Immigrant workers face peril on the job

Workers Correspondence

“Immigrant Workers in Peril: Finding Solutions to the Health & Safety Crisis” brought some 200 labor and immigrant rights activists to the Murphy Institute for Labor, Community, & Policy Studies, City University of New York on April 21. The Central Labor Council, the New York Committee for Occupational Safety and Health, the Labor Council for Latin American Advancement and Murphy Institute for Labor, Community, & Policy Studies, CUNY co-sponsored the conference, which focused on the scope of the crisis and mobilizing for a secure future.

The conference was in response to the growing role of immigrants in New York City area working class as well as the number of immigrant workers injured and sickened by their jobs and how this impacts on the conditions of all workers. But immigrant workers are fighting back, and the labor movement is increasingly taking up their cause and becoming involved in their organizing efforts.

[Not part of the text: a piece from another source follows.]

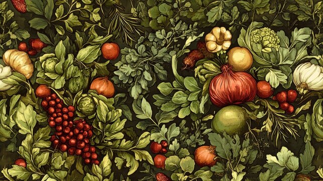 Intricate floral pattern featuring sketched leaves and branches against a dark green background.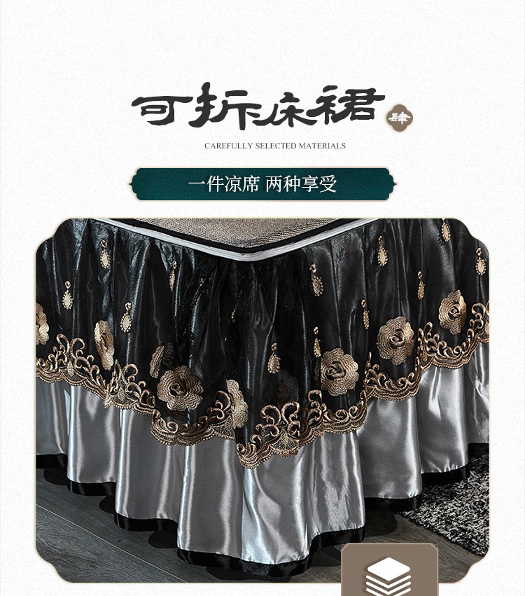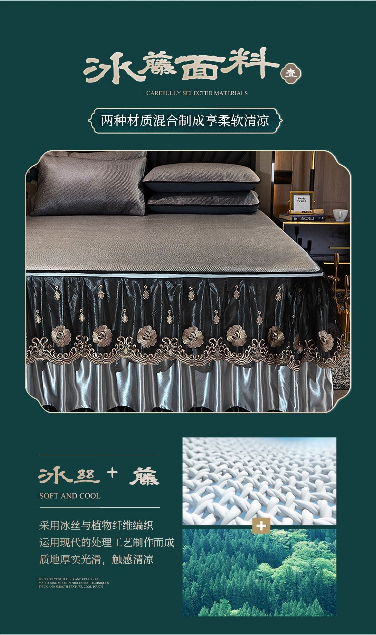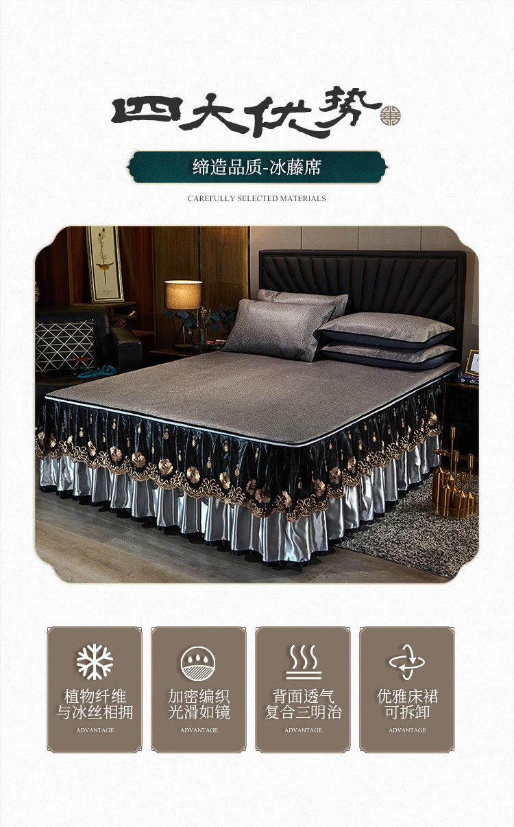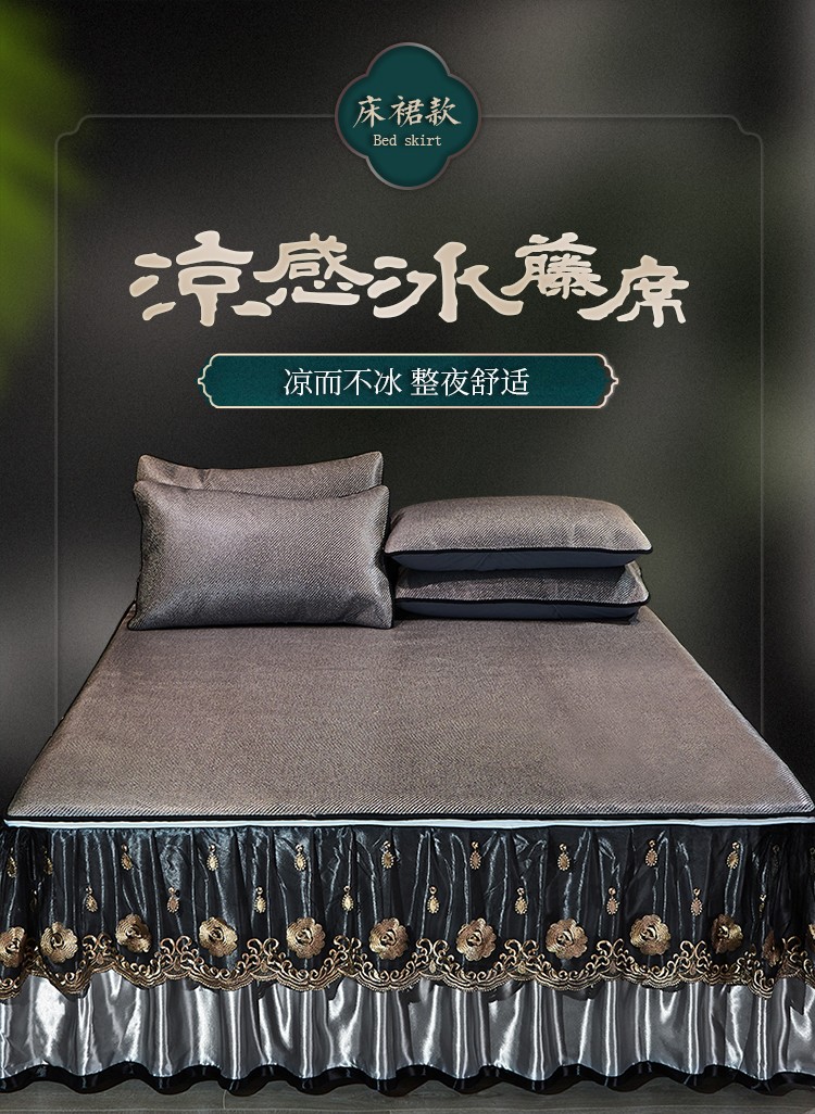 商品名称:瑞宝 2025新款床裙冰藤席三件套 灰色

All workers need organization and education to fight for safe working conditions; otherwise an individual worker will accept life-threatening conditions to feed his or her family, pointed out Central Labor Council Executive Director Ed Ott in his opening remarks.

Immigrants have additional problems. They disproportionally work in construction and other industries with the greatest safety and health problems, mostly without union protection, and are regularly victimized by unscrupulous employers and government actions. Testimony of immigrants who worked in the laundry and construction industries and on the post-9/11 cleanup dramatically presented the harsh reality behind dry statistics.

The action-oriented conference was followed up with a demonstration on May 1 and the first meeting of the Immigrant Workers’ Council on May 18.